Путь к столице Германии, заняв 120-километровый рубеж от Альте-Одера до Ратцдорфа, преграждала 9-я армия — 101-й армейский, 56-й танковый, 11-й армейский СС, 5-й горнострелковый корпуса и гарнизон
За два дня до начала операции, с целью уточнить истинный передний край обороны противника, по приказу командующего фронтом была проведена «силовая разведка». 14 апреля после 10-минутного огневого налета на направлении главного удара начали действовать штрафные роты и усиленные стрелковые батальоны от дивизий первого эшелона. Затем на ряде участков были введены в бой стрелковые и отдельные танковые полки. В ходе двухдневных боев им удалось захватить отдельные участки первой и второй траншей, а на некоторых направлениях продвинуться до 5 километров. В ряде мест войска преодолели зону наиболее плотных минных заграждений. Результаты разведки боем показали, что основную массу пехоты и артиллерии немцы держат на втором рубеже. Так, командование 5-й ударной армии пришло к выводу: «Проводить полную артподготовку по первому рубежу и прилегающей к нему тактической глубине не имело смысла».

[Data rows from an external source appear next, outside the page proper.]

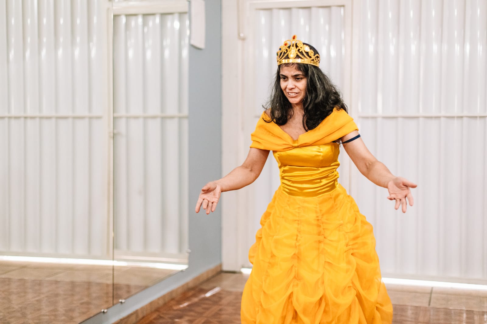 O edital pedia um figurino, o que quase desencorajou Anne. No entanto, ela lembrou-se do vestido da Bela que ela mesma havia confeccionado. Com coragem, decidiu participar do mini curso de teatro, inicialmente acreditando que não subiria ao palco.
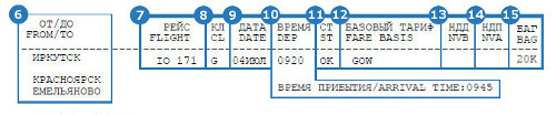 - «FARE» - тариф (например, «GOW», где G – класс бронирования, а OW – обозначение направления «в одну сторону»);
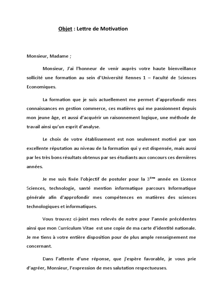 Nous attirons l'attention des candidat.e.s sur le fait que les deux sessions d'examens sont obligatoires ; Si tu souhaites postuler à une formation supérieure ou candidater pour un emploi, le plus souvent tu dois rédiger une lettre de motivation. Lettre de motivation pour une faculte ec gestion. Comme lorsque vous rendez votre copie lors d'un examen, la présentation et la lisibilité du texte comptent presque autant que le contenu. Ayant eu l'opportunité de parfaire ma connaissance de votre établissement via votre site internet, c'est avec intérêt que j'ai découvert que le programme très complet que vous proposiez était en totale adéquation avec mes attentes. Maybe you would like to learn more about one of these? Elle est censée également compléter ton cv. La plupart des grandes écoles, facultés, écoles spécialisées, organismes de formation demandent une lettre de motivation à joindre au dossier de candidature. Lettre de motivation pour intégrer une association. Appelée autrement lettre d'accompagnement, il s'agit d'un document qui doit mettre en valeur tes compétences et tes qualités. Vous devez convaincre que votre choix de formation est cohérent avec vos connaissances, vos qualités et vos projets ( les 25 détails à connaître avant d'écrire sa lettre de motivation ). Vous pouvez utiliser cette lettre de motivation faculté d économie et gestion pour l envoyer par la poste par votre propres moyens en vous déplaçant à la poste ou bien sans bouger de chez vous et rapidement grâce à merci facteur. Lettre de motivation pour un stage de bts.
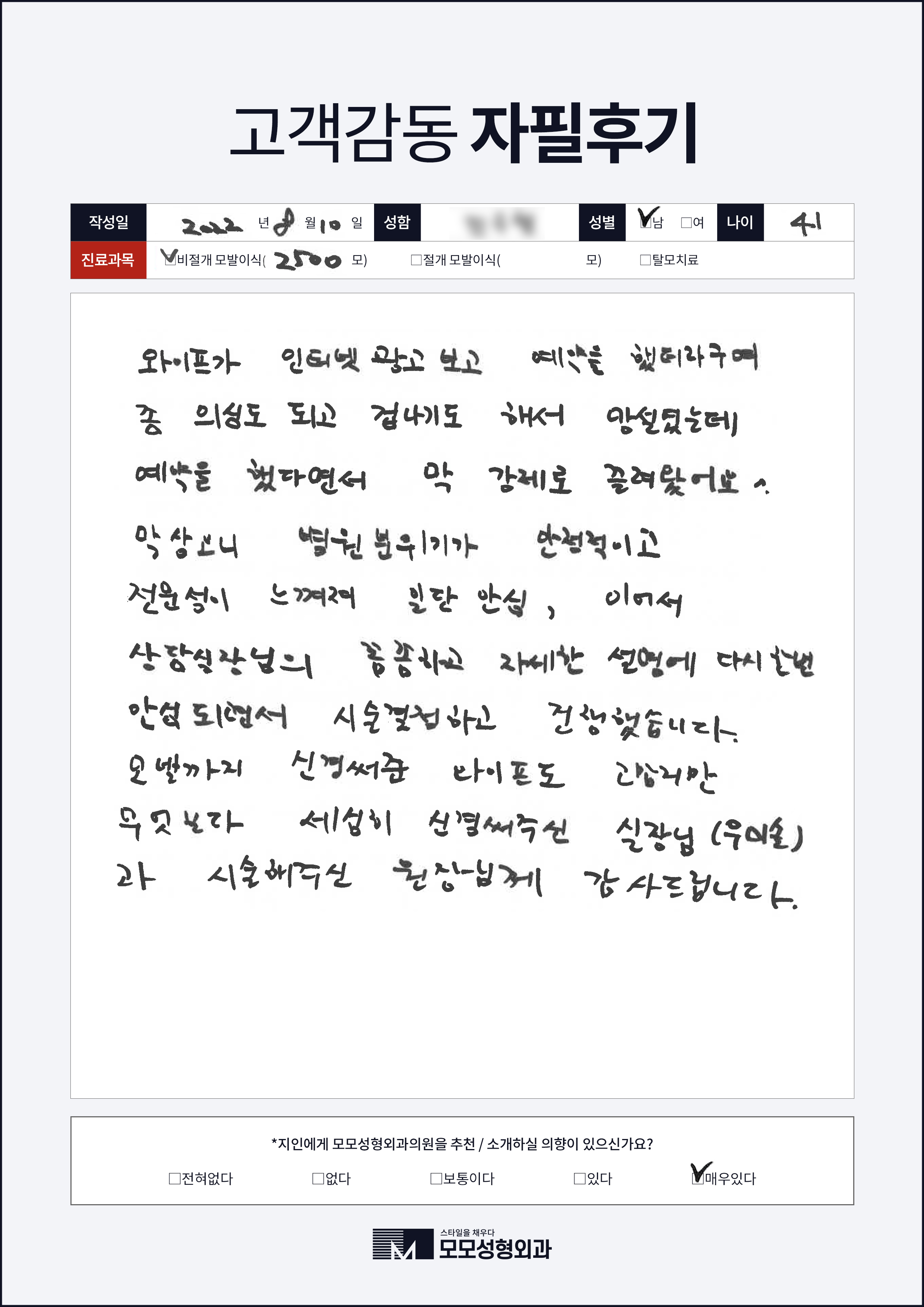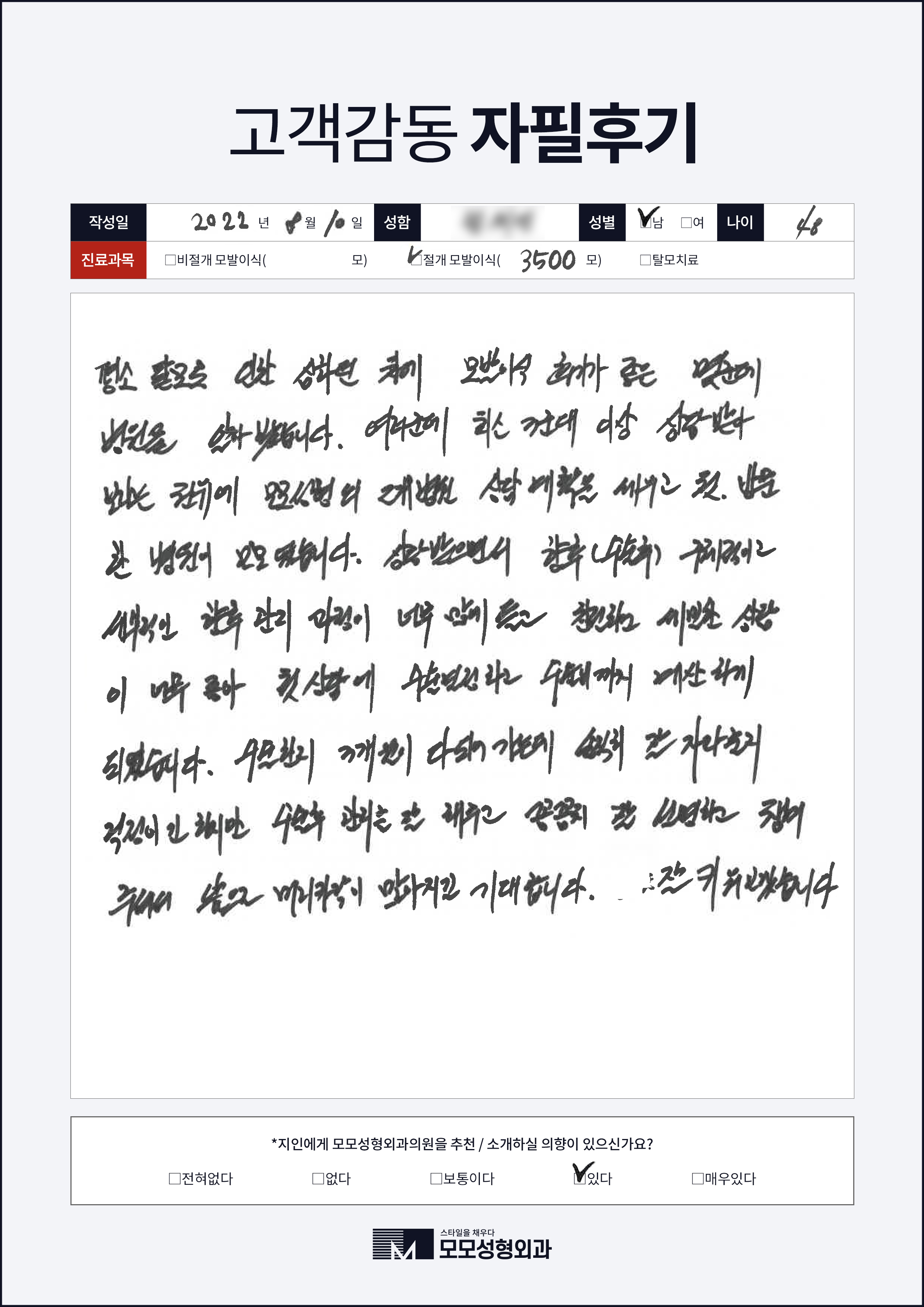 [40대]비절개모발이식2000모, M자이마

Политработники внушали личному составу «лютую ненависть к врагу, безграничную преданность «Матери-Родине» и «разворачивали пропаганду ленинских идей» в связи с предстоящим 75-летием вечно живого, хотя и слегка заплесневевшего за время пребывания в Куйбышеве, Ильича. Штудировали с бойцами последнюю статью Эренбурга:
«Бывают агонии, преисполненные величия. Германия погибает жалко — ни пафоса, ни достоинства…
Некому капитулировать. Германии нет: есть колоссальная шайка, которая разбегается, когда речь заходит об ответственности…
Зарубежный читатель спросит: почему же немцы с таким упорством пытались отстоять Кюстрин? Почему они яростно дерутся на улицах Вены, окруженные неприязнью венцев? Почему немцы отчаянно защищали Кёнигсберг, отделенный сотнями километров от фронта на Одере? Для того чтобы ответить на эти вопросы, нужно вспомнить страшные раны России, о которых многие не хотят знать и которые многие хотят забыть… Кто такое забудет, не человек, а дрянной мотылек…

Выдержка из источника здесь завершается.